Announcement hits, Colbert rules on blogosphere

Published October 29, 2007 4:00am ET



King for a day

When satirical newsman Stephen Colbert announced his candidacy for president earlier this month, the publicity stunt temporarily vaulted him past both parties’ front-runners in terms of popularity on the blogosphere.

William Beutler, who tracks these things at the political affairs practice of New Media Strategies, tells us that after Colbert announced Oct. 16, he was mentioned on 0.09 percent of all blog posts (not just political blogs).

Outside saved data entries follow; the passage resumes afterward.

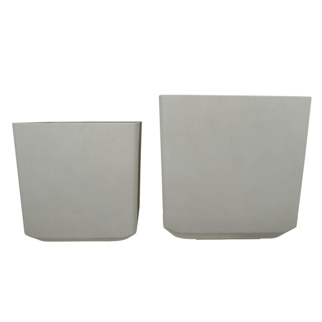 Set da 2 Vasi Quadrato Beige in Poliresina Mista a Polvere di Pietra, per Interni ed Esterni
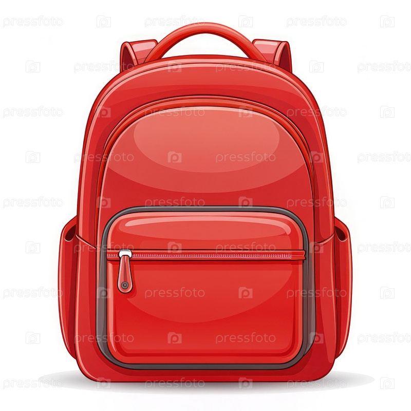 Красный школьный рюкзак с передним карманом на белом фоне
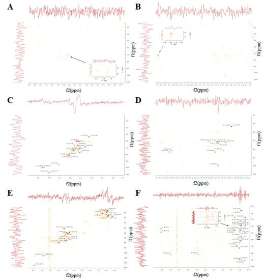 Two-dimensional NMR spectra of GUPS. (A) HSQC spectrum of GUPS-I; (B) HMBC spectrum of GUPS-I; (C) HSQC spectrum of GUPS-II; (D) HMBC spectrum of GUPS-II; (E) HSQC spectrum of GUPS-III; (F) HMBC spectrum of GUPS-III.
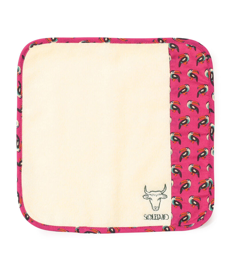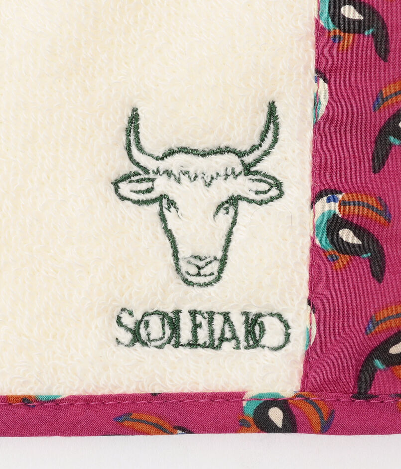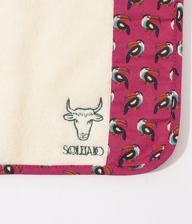 〈SOULEIADO〉オリジナルのプリントファブリックをコンビ使いしたミニタオル。
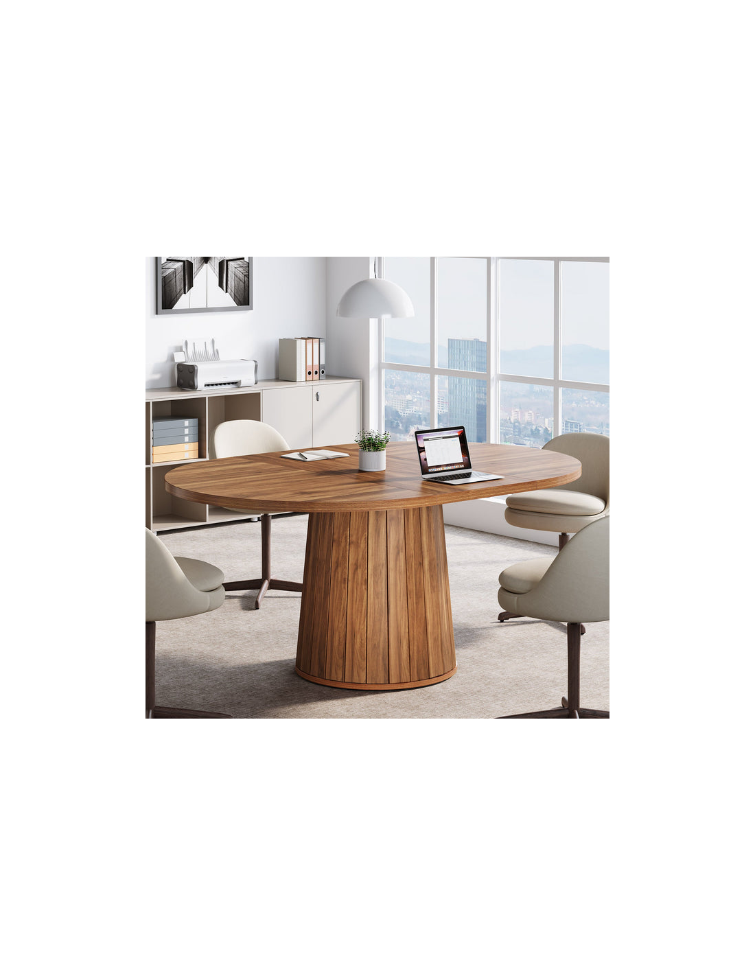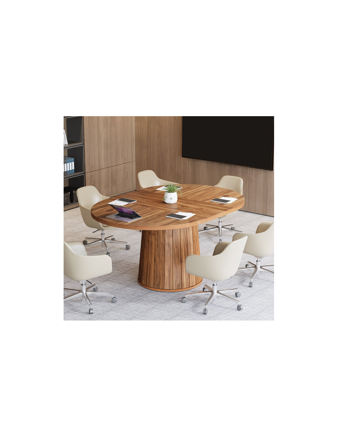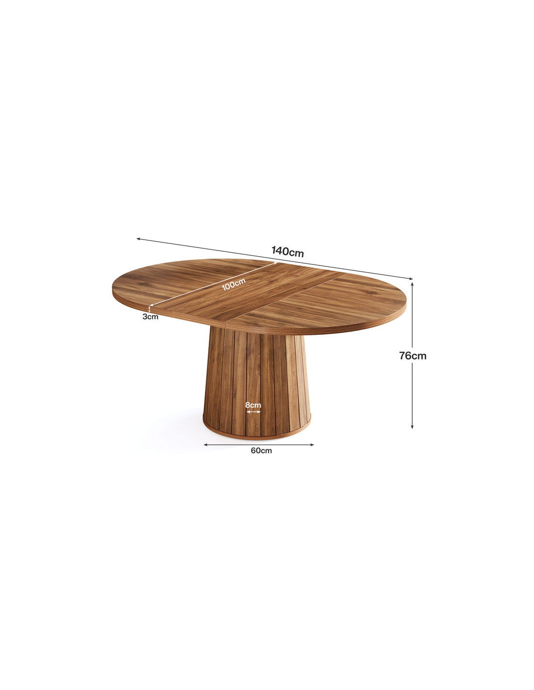 Ovalt spisebord udført i et design af naturbrun MDF. Bordet måler 76 cm i højden og 140 x 100 cm i bredde og dybde.
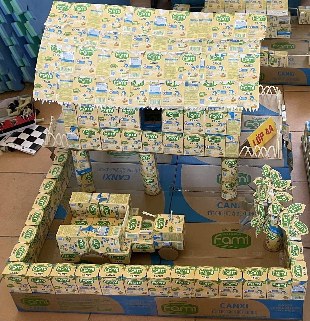 Đây là mô hình **nhà sàn làm từ hộp sữa Fami tái chế**. Mái, tường và cột nhà đều được xếp từ các hộp sữa, tạo hình chắc chắn và gọn gàng. Xung quanh có hàng rào và xe mô hình, làm tăng tính sinh động.
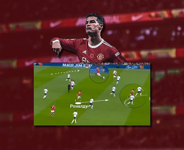 Также Криштиану использовал свой любимый прием - вбегания в штрафную. В отличие от статичного положения рядом со вратарской, рывки в эту зону тяжело персонально контролировать, особенно если мы говорим о человеке с ТАКИМ прыжком.
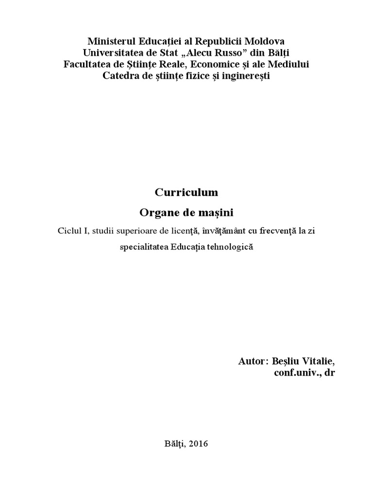 Curriculum-ul a fost aprobat la şedinţa Catedrei de științe fizice și
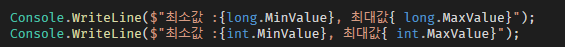 숫자형 타입에는 MinValue, MaxValue를 통해 각각의 숫자형 타입이 가질 수있는 숫자 범위를 알 수 있는데요.
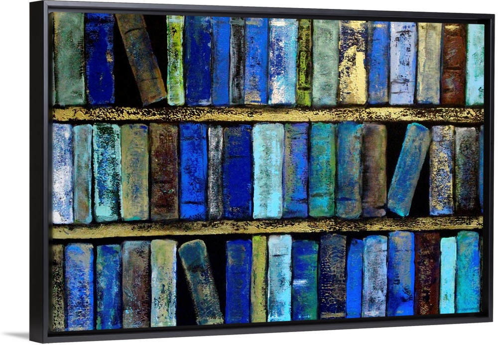 <p>Three shelves of books in varying shades of blue.</p>
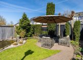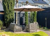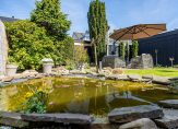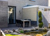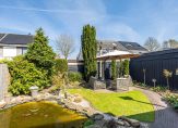 Vanuit de woonkamer en bijkeuken is de achtertuin te bereiken, die zowel zon als schaduw biedt. Er zijn twee terrassen gemaakt en verder zie je een grote vijver, een gazon en diverse beplanting. Wat een sfeer heeft deze tuin, dus laat het mooie weer maar komen!
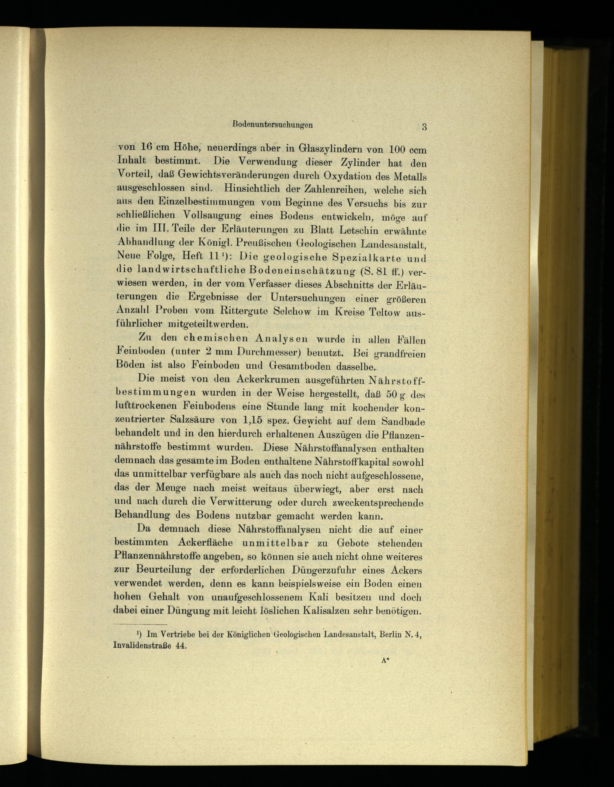 von 16 cm Höhe, neuerdings aber in Glaszylindern von 100 ccm Inhalt bestimmt. Die Verwendung dieser Zylinder hat den Vorteil, daß Gewichtsveränderungen durch Oxydation des Metalls ausgeschlossen sind. Hinsichtlich der Zahlenreihen, welche sich aus den Einzelhestimmungen vom Beginne des Versuchs bis zur schließlichen Vollsaugung eines Bodens entwickeln, möge auf die im III. Teile der Erläuterungen zu Blatt Letschin erwähnte Abhandlung der Königl. Preußischen Geologischen Landesanstalt, Neue Folge, Heft 11 1 ): Die geologische Spezialkarte und die landwirtschaftliche Bodeneinschätzung (S. 81 ff.) verwiesen werden, in der vom Verfasser dieses Abschnitts der Erläuterungen die Ergebnisse der Untersuchungen einer größeren Anzahl Proben vom Rittergute Selchow im Kreise Teltow ausführlicher mitgeteiltwerden.
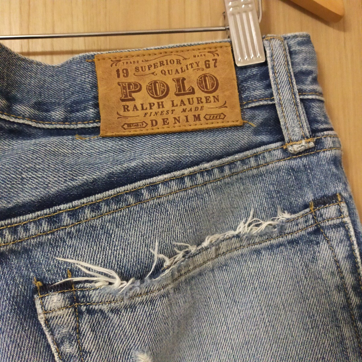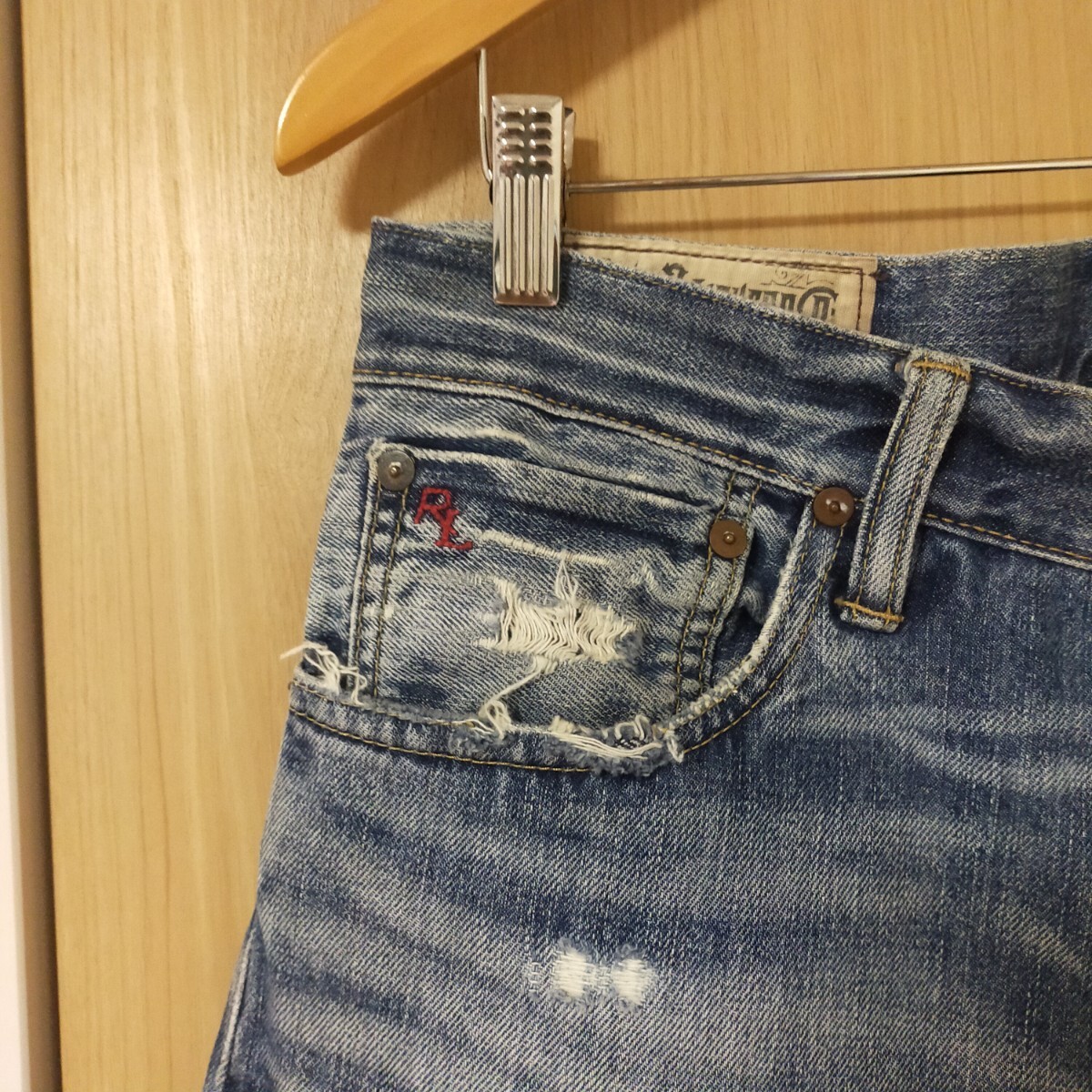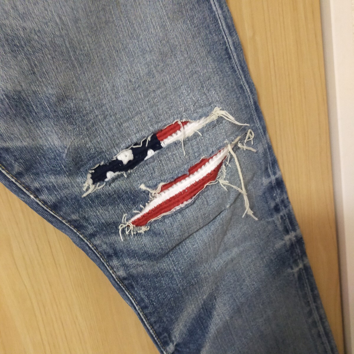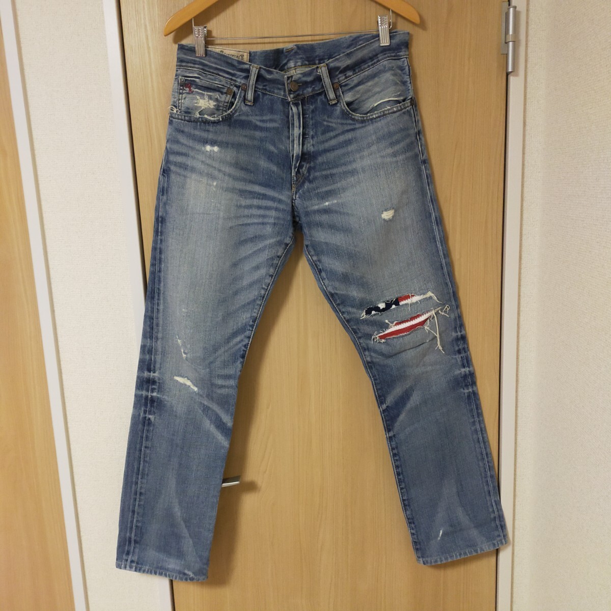 | POLO RALPH LAUREN ポロ ラルフローレン ダメージ加工 リペア加工 デニムパンツ 星条旗 W32 インディゴブルー | |
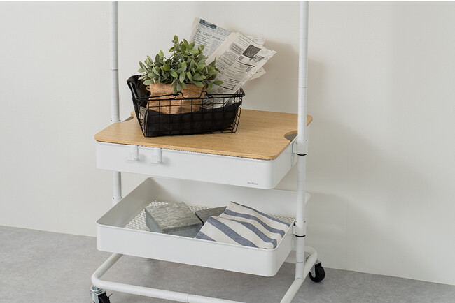 接続パイプ:スチール、天板:MDF、キャスター:PP・スチール、フック、

Hillary Clinton had the same level of mentions during the same period, and Rudy Giuliani was mentioned on 0.08 percent of blogs.

In terms of raw numbers, Beutler said, “In the three-day period surrounding his announcement (day of, morning after, and one more day) 748 different blog posts mentioned the phrases ‘Stephen Colbert’ and ‘president.’ If you run the same search for ‘Hillary Clinton’ without ‘president’ – since we assume any post about her is also about her candidacy we get 727 posts. [So] even though our search string for Hillary was less stringent he actually scored more mentions than she did.”

Beutler said Colbert “had a larger spike in mentions of his name than any other candidate” when they announced, except Clinton and Barack Obama.

Why such a big bump?

“Blogs are attracted to shiny objects, and Colbert is nothing if not a shiny object,” Beutler said. “Even serious-minded bloggers can’t resist.”